Por otro lado aparecen los partidos como el MAS (o como el PRD o PT en el caso de México) que pasan como aliados de los trabajadores y muestran una cara “progresista” lo que genera una ilusión en los trabajadores de que estos partidos puedan ser sus aliados contra la explotación. Ningún partido de este tipo es ni puede ser aliado de los explotados y mucho menos enemigo de la explotación, representan al sistema capitalista y pretenden hacernos creer que pueden construir una sociedad justa dentro del capitalismo.

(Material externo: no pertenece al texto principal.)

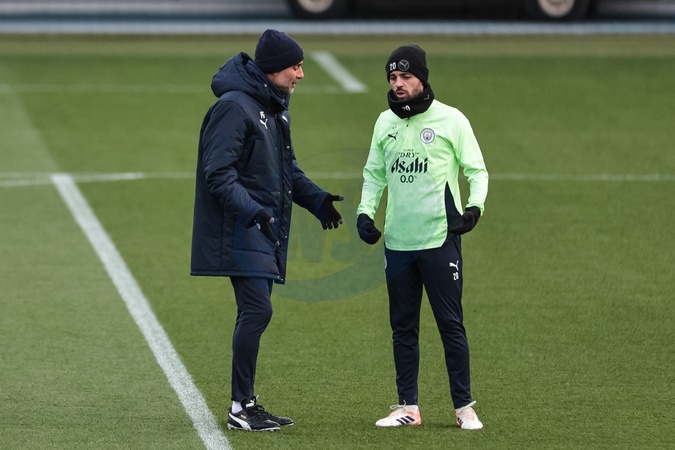 Pep Guardiola manager of Manchester City gives instruction to Bernardo Silva of Manchester City during the UEFA Champions League training session Matchday 5 of 8 Manchester City vs Bayer 04 Leverkusen at Etihad Campus, Manchester, United Kingdom, 24th November 2025, Credit:Mark Cosgrove/News Images / Avalon

En el caso particular de Bolivia este partido jugo un papel protagónico pero totalmente mezquino e impotente que no supo crear una línea revolucionaria por una salida socialista, por esto es de suma importancia como se menciona arriba la conformación de una verdadera dirección que le muestre al proletariado el programa de la revolución y no el de la reforma y que sepa indicarle cuales son sus tareas históricas. Forjar tanto un Frente de la Clase Obrera como su programa revolucionario que tenga como punto central el romper con los partidos reformistas y burgueses.

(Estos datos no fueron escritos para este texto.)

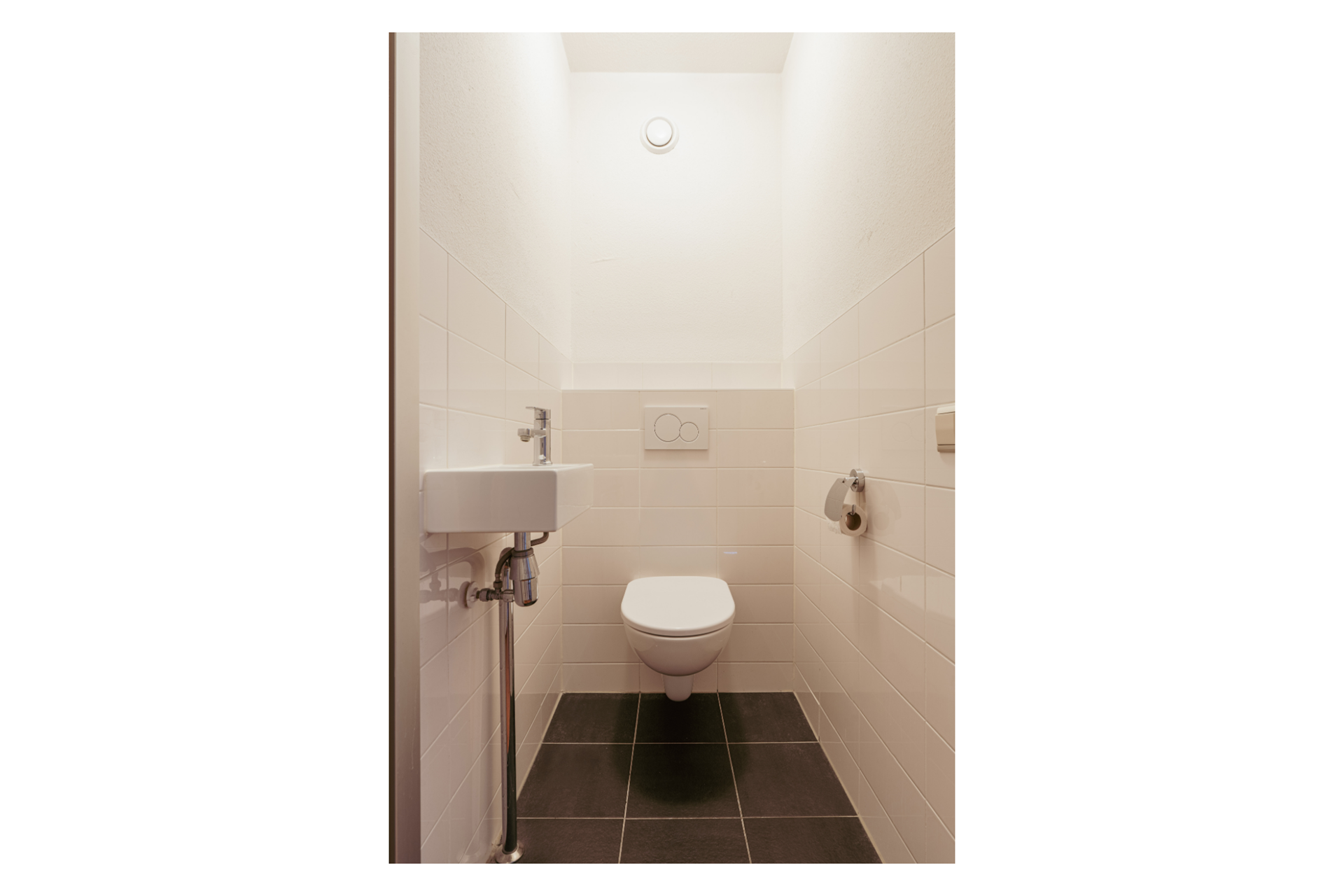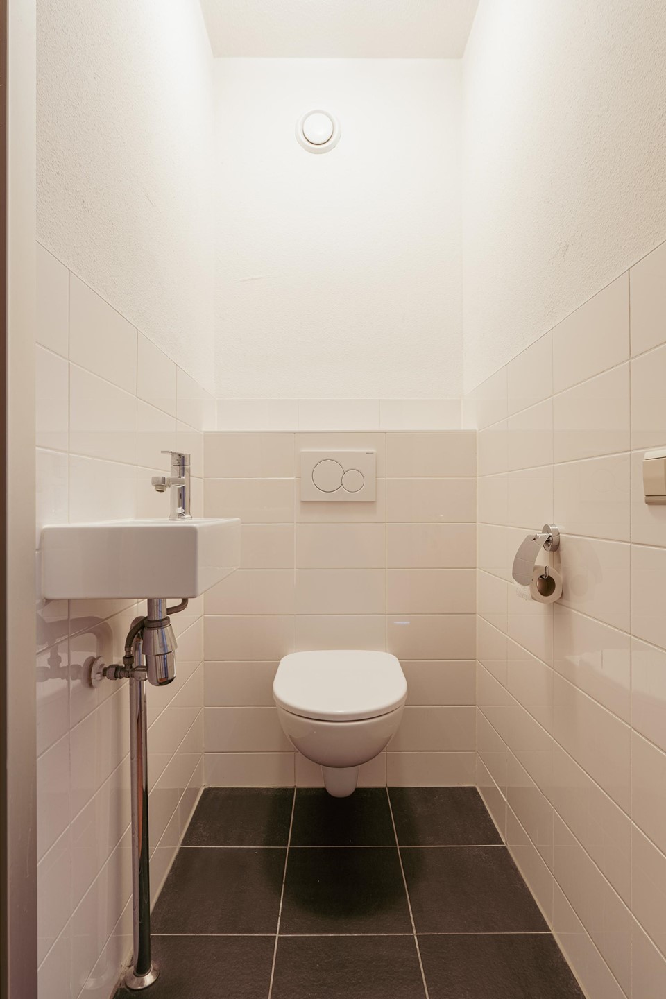 The centrally located bathroom is fitted with a bathtub and washbasin. In addition, there is a separate toilet and a convenient internal storage cupboard.

Las tareas inmediatas del proletariado boliviano son el establecer la solidaridad de todos los sectores en lucha, planteando como venimos indicando, sus formas organizativas independientes de las de la burguesía, extenderlos y promoverlos a lo largo y ancho del país, pero las masas no están ni estarán exentas de las salidas erróneas y anti-obreras que ofrecen la burguesía y sus partidos, de este modo ¿quiénes son los encargados de señalar tanto el camino correcto y tareas inmediatas como de advertir de las desviaciones en las que pueda caer el movimiento? Sin duda el movimiento necesita de una organización revolucionaria formada de entre los elementos mas concientes y progresistas de la clase obrera como de otros estratos sociales desclasados y comprometidos con un programa socialista y revolucionario, militantes convencidos de que las tareas históricas del proletariado son el fundar un nuevo orden económico y social basado en la igualdad y el bienestar de todos los elementos de la sociedad cuando en esta hayan dejado de existir las clases sociales y la explotación. Una organización con estas características es la que buscamos construir en la Juventud Comunista Libertaria, no buscamos de ningún modo ser las elites dirigentes de ningún movimiento ni adueñarnos del destino de las luchas obreras, es menester de la propia clase obrera y de las masas dirigir sus luchas y nuestro papel como revolucionarios es simplemente el guiar y ayudar a construir una línea correcta que nos conduzca a un verdadero triunfo revolucionario y proletario.

¡Por un Frente Obrero Revolucionario que impulse la creación de consejos obreros-campesinos y asambleas de trabajadores a lo largo y ancho del país para darle lucha a la burguesía y plantear la cuestión del doble poder y la salida Socialista Libertaria!